→ Try it: A single number is required: how many lines in the records below contain "Санта".

→ Extracted records:
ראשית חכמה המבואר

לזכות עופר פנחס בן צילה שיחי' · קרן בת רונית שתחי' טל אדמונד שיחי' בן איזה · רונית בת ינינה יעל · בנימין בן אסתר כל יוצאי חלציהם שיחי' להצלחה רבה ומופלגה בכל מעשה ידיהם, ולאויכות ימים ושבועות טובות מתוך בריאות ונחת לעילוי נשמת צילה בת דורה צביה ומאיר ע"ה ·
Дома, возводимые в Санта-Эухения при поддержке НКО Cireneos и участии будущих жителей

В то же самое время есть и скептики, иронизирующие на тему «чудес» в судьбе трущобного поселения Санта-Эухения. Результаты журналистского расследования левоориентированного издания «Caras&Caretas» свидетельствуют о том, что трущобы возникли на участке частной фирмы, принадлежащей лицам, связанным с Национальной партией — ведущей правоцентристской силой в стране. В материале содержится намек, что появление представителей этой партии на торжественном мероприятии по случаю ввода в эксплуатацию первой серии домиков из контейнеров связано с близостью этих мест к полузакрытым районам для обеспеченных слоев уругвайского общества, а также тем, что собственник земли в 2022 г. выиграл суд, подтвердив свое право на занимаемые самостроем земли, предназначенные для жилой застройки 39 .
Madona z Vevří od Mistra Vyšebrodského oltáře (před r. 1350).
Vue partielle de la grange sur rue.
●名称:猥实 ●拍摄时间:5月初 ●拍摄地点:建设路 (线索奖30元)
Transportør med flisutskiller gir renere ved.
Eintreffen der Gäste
...
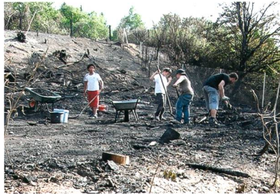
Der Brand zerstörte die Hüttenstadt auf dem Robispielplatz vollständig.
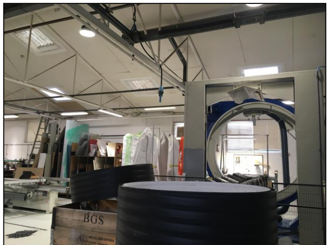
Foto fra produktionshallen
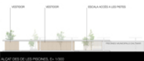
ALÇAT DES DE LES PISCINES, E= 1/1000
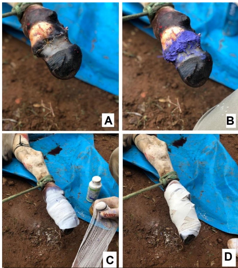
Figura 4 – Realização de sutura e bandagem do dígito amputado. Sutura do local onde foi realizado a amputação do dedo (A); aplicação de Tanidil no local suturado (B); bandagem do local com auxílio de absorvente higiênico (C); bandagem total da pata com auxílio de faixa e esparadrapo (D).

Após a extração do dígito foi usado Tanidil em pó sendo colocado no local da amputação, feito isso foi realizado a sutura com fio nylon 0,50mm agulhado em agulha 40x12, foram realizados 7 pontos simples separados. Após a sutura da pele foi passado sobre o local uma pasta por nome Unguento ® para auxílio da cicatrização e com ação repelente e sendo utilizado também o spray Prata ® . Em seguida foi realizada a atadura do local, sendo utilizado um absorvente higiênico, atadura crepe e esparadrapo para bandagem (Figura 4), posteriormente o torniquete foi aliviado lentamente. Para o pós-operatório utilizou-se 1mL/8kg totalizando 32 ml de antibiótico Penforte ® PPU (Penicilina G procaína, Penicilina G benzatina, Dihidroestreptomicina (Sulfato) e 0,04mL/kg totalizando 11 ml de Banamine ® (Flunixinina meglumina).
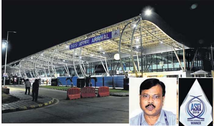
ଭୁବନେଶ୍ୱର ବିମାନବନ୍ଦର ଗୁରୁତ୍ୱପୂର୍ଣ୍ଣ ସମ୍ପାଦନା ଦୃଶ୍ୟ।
==
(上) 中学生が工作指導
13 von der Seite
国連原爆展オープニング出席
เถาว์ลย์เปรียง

→ Result for this task: 2